> [PROBLEM] Your response should be an exact transcription of the data, images excluded.

> [TASK INPUTS]
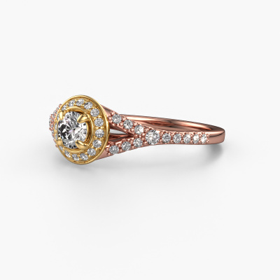 This 14 Carat rose gold ring is called Pamela RND and is set with 0.567 crt diamond. This exclusive rose gold halo engagement ring is a true work of art! The ornaments are crafted with a lot of patience and great passion. In order to create this ring with great precision, this craft requires a keen eye and skillful hand. A challenge which ignites a fire in our expert goldsmith. The exquisite diamonds are set in a special way so they stand out even more. This gives the ring an even more glamorous appearance. The ajour engagement ring is actually unique on its own because of the gemstones which we carefully select especially for this ring. On top of that you select the precious metals which will be used to create a unique ring for the most extraordinary woman in your life! This jewel is unique in every way! Simply customize to your liking,Because we design and deliver our own rings, we can offer you a engagement ring at a price you won't find anywhere else. A ring is made to order, which helps prevent excess supplies, so we can make you a great price offer. We understand it feels risky, buying your engagement ring online, but we will gladly assist in the designing process, taking your budget into consideration.Our team adds new designs to our online collection daily. Our designers and goldsmiths work together in creating the best design. We strive to offer a diverse collection of jewels. Perhaps you have a specific jewel design in mind. One you came across somewhere. Please contact us for a free consultation. We will make you an offer, based on a fair price/ quality ratio, that will baffle you.To make it easier for you, we offer a 30 day return policy. Check our terms and conditions.
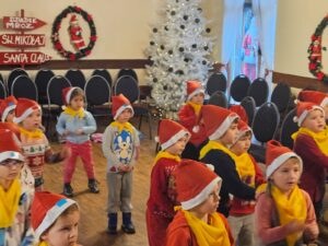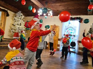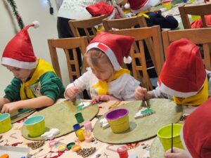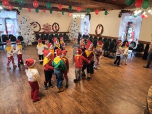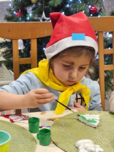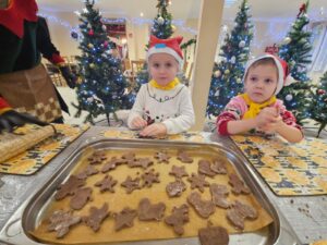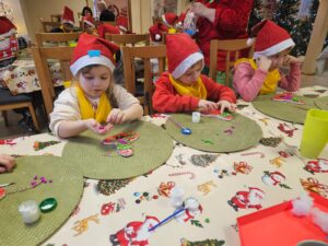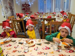 Najpierw wspólnie z elfami zrobiliśmy pachnące pierniczki 🍪. Kolejnym punktem programu było dekorowanie świątecznych ozdób 🎄, tutaj każdy mógł wykazać się kreatywnością i precyzją. W przerwach między zajęciami nie brakowało świątecznej atmosfery, razem z elfami i Panią Mikołajową śpiewaliśmy i tańczyliśmy do świątecznych piosenek 🎶🎤.
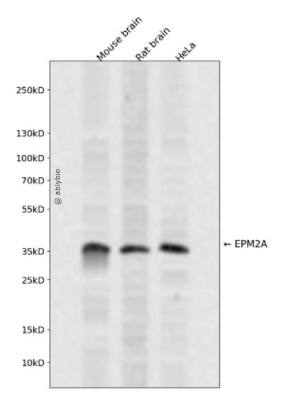 Western blot analysis of EPM2A expressed in Mouse brain,Rat brain,HeLa using EPM2A Rabbit pAb at 1:1000. Secondary antibody: HRP Goat Anti-Rabbit IgG (H+L) at 1:5000. Lysates/proteins: 30ug per lane. Blocking buffer: 5% non-fat dry milk in TBST. Detection: ECL Enhanced Kit. Exposure time: 120s.
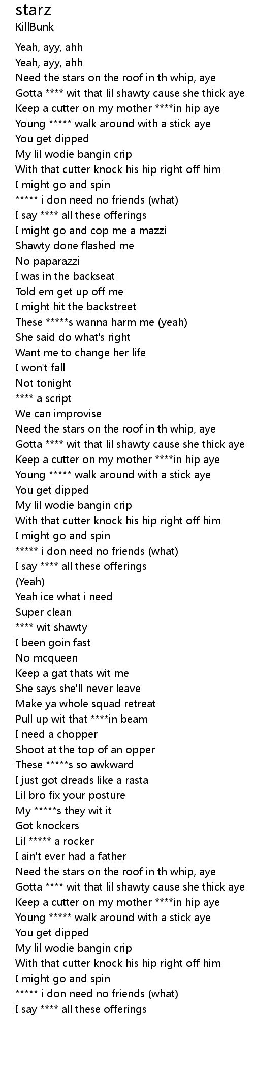 | [02:01.85] | Young ***** walk around with a stick aye |
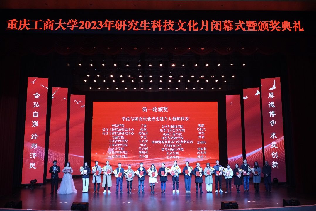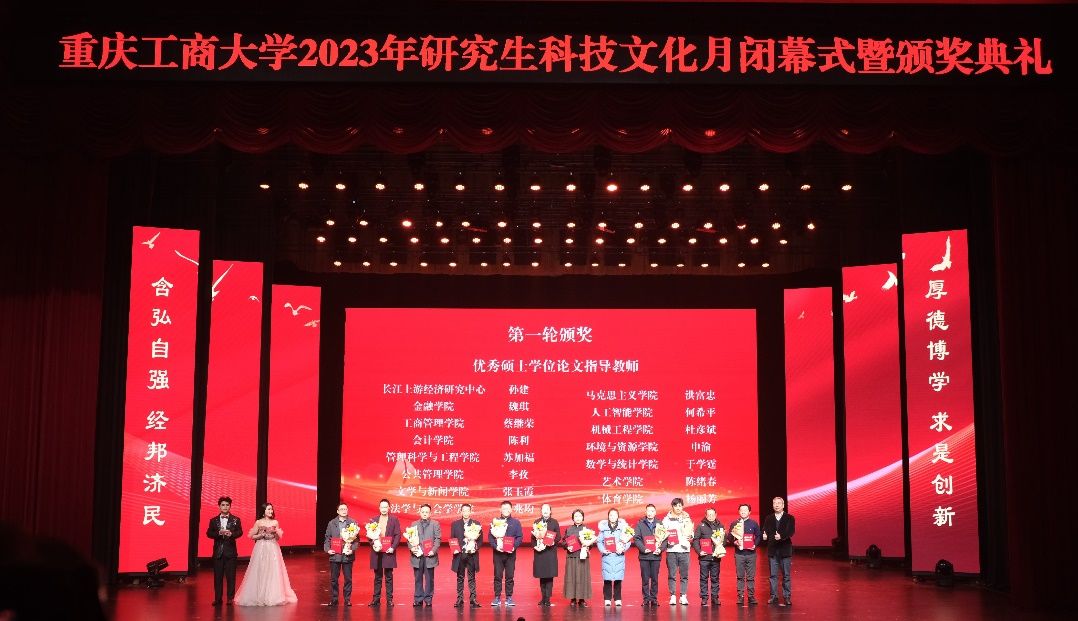2023年12月29日,“活力工商,筑梦研途”研究生科技文化月闭幕式暨颁奖典礼在图书馆剧场举行。学校党委常委、副校长张波和李国军,各职能部门负责人、各研究生培养单位负责人和老师们、各培养单位的研究生和研分会的代表出席了活动。
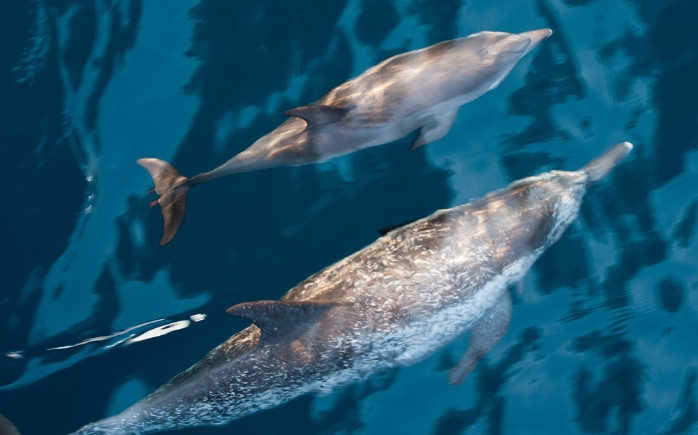 A mother Atlantic spotted dolphin is seen with its calf swimming side by side in the Bahamas.
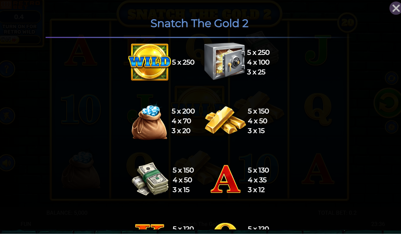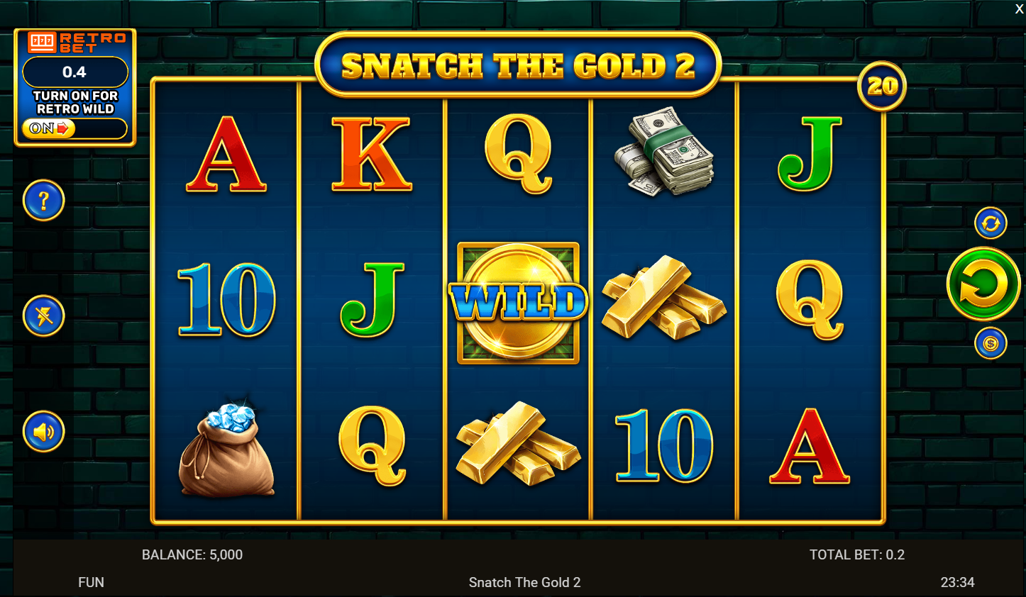Let’s look at the 20-line Snatch the Gold 2. Once active, the feature will place a sticky wild at the center of reel 3. It will be here during every spin until you disable it ansd return to the normal mode.

> [EXERCISE ANSWER]
 This 14 Carat rose gold ring is called Pamela RND and is set with 0.567 crt diamond. This exclusive rose gold halo engagement ring is a true work of art! The ornaments are crafted with a lot of patience and great passion. In order to create this ring with great precision, this craft requires a keen eye and skillful hand. A challenge which ignites a fire in our expert goldsmith. The exquisite diamonds are set in a special way so they stand out even more. This gives the ring an even more glamorous appearance. The ajour engagement ring is actually unique on its own because of the gemstones which we carefully select especially for this ring. On top of that you select the precious metals which will be used to create a unique ring for the most extraordinary woman in your life! This jewel is unique in every way! Simply customize to your liking,Because we design and deliver our own rings, we can offer you a engagement ring at a price you won't find anywhere else. A ring is made to order, which helps prevent excess supplies, so we can make you a great price offer. We understand it feels risky, buying your engagement ring online, but we will gladly assist in the designing process, taking your budget into consideration.Our team adds new designs to our online collection daily. Our designers and goldsmiths work together in creating the best design. We strive to offer a diverse collection of jewels. Perhaps you have a specific jewel design in mind. One you came across somewhere. Please contact us for a free consultation. We will make you an offer, based on a fair price/ quality ratio, that will baffle you.To make it easier for you, we offer a 30 day return policy. Check our terms and conditions.
 Najpierw wspólnie z elfami zrobiliśmy pachnące pierniczki 🍪. Kolejnym punktem programu było dekorowanie świątecznych ozdób 🎄, tutaj każdy mógł wykazać się kreatywnością i precyzją. W przerwach między zajęciami nie brakowało świątecznej atmosfery, razem z elfami i Panią Mikołajową śpiewaliśmy i tańczyliśmy do świątecznych piosenek 🎶🎤.
 Western blot analysis of EPM2A expressed in Mouse brain,Rat brain,HeLa using EPM2A Rabbit pAb at 1:1000. Secondary antibody: HRP Goat Anti-Rabbit IgG (H+L) at 1:5000. Lysates/proteins: 30ug per lane. Blocking buffer: 5% non-fat dry milk in TBST. Detection: ECL Enhanced Kit. Exposure time: 120s.
 | [02:01.85] | Young ***** walk around with a stick aye |
2023年12月29日,“活力工商,筑梦研途”研究生科技文化月闭幕式暨颁奖典礼在图书馆剧场举行。学校党委常委、副校长张波和李国军,各职能部门负责人、各研究生培养单位负责人和老师们、各培养单位的研究生和研分会的代表出席了活动。
 A mother Atlantic spotted dolphin is seen with its calf swimming side by side in the Bahamas.
Let’s look at the 20-line Snatch the Gold 2. Once active, the feature will place a sticky wild at the center of reel 3. It will be here during every spin until you disable it ansd return to the normal mode.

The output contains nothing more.